In CoMBCR, the integrated CoMBCR embeddings serve as the primary joint representation of B cells, balancing both modalities, while single-modal embeddings (i.e., CoMBCR-BCR embeddings and CoMBCR-expression embeddings) are provided as complementary outputs to address specific analytical requirements of users. Each embedding type captures distinct biological features, with the CoMBCR embeddings balancing both modalities. The optimal choice depends on analytical objectives. For tasks emphasizing particular biological aspects, single-modal embeddings may be more suitable (Results S2.5, Fig. S26-S32, available as supplementary data at Bioinformatics online). However, CoMBCR embeddings can provide better performance by leveraging complementary information from both modalities for analyses requiring comprehensive views. In PCNSL studies, while CoMBCR-BCR embeddings cannot capture memory B cell trajectories (Fig. S33C, available as supplementary data at Bioinformatics online), CoMBCR embeddings successfully incorporate this information from CoMBCR-expression patterns (Fig. S33D, available as supplementary data at Bioinformatics online). Additionally, CoMBCR embeddings can reveal finer cellular subtype resolution and uncover diversity within seemingly homogeneous populations that single-modal approaches miss under the same settings of clustering (Fig. S33G-I, available as supplementary data at Bioinformatics online).
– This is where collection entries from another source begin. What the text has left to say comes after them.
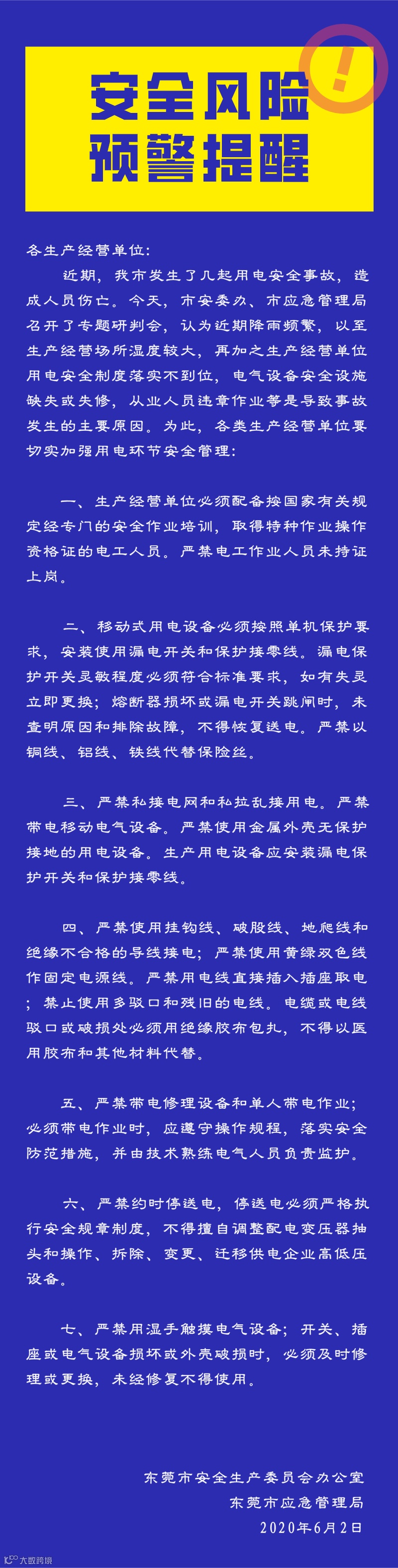 生产用电安全风险预警!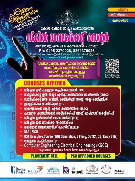 Skill Development Centre is approved by Govt. of Kerala No:50121/PAI/2005/LSGD, GO: 1005/07/LSGD dt.29-3-2007, GO: (R.T)No:631/12/LSGD 1.03.12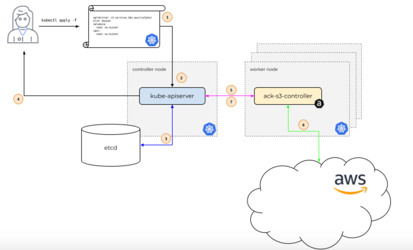ACKの実態はk8sクラスタのデータプレーン上で稼働するPodとなります。Podとして稼働している各AWSサービスのコントローラ(下図例では「ack-s3-controller」)がk8sのコントロールプレーン上のAPI Server(下図「kube-apiserver」)と常時会話をし、実際のAWSサービスの状態を、applyされているリソース定義情報に整えます(※1)。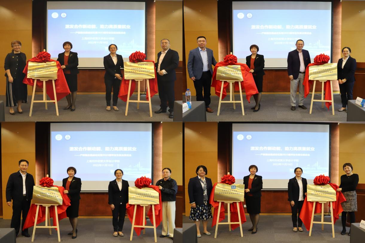 在產學研合作新基地授牌儀式上,裴瑱和張天舒代表學院分別與浪潮集團、立信會計師事務所(特殊普通合伙)、上海榮正企業咨詢股份有限公司、上會會計師事務所(特殊普通合伙)、致同會計師事務所(特殊普通合伙)、天健會計師事務所(特殊普通合伙)上海分所、天職國際會計師事務所(特殊普通合伙)上海分所、上海文匯審計咨詢管理中心這8家企業的代表,共同為產學研合作基地揭牌。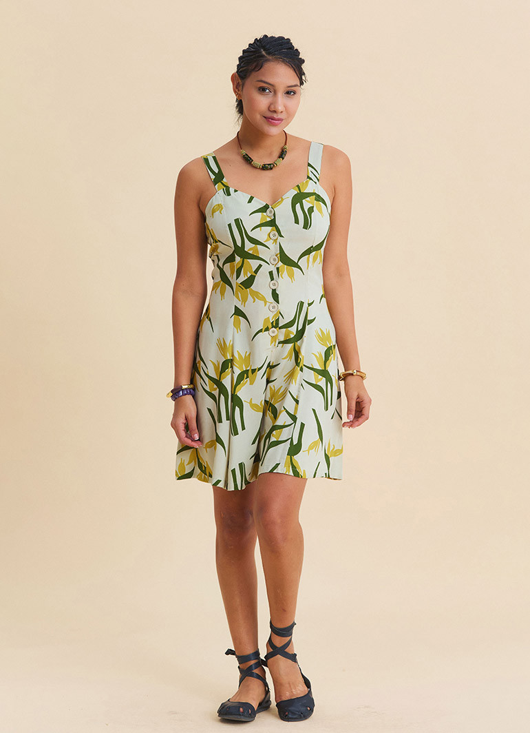 The thin shoulder straps and open back detail enhance its fresh summer appeal, while the front button accents add a stylish and practical touch. Its ethnic-inspired look pairs effortlessly with sandals, woven bags, and natural accessories.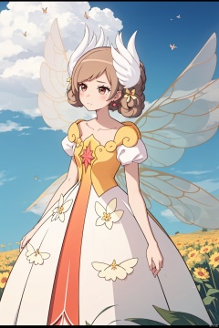1girl, solo, brown hair, dress, flower, wings, sky, day, cloud, letterboxed, houtufeng

While our study demonstrates promising results, several aspects warrant further development. First, as light chains provided no significant improvement in SARS-CoV-2 binding prediction (Fig. S1-S2, available as supplementary data at Bioinformatics online) while doubling computational cost, our model currently focuses on heavy chains. Besides the possibility that light chains may not provide as much effective information as heavy chains, incorporating two full-length BCR chains (paired heavy and light) also poses complexity challenges to the current BCR encoder, though we acknowledge their established functionality. Future encoder advancements may enable comprehensive paired-chain integration. Second, we currently rely on distance metrics and the pre-trained encoder for capturing modality relationships, and exploring alternative approaches could enhance performance. Additionally, we envision extending CoMBCR’s architecture to accommodate other data types and additional modalities beyond its current scope.
Overall, CoMBCR presents a novel co-learning framework that effectively integrates BCR and gene expression data to interpret the BCR repertoire. We expect CoMBCR to contribute significantly to the development of immunotherapies and enhance our understanding of the immune system’s response to various diseases, particularly in contexts where BCR-driven responses play crucial roles.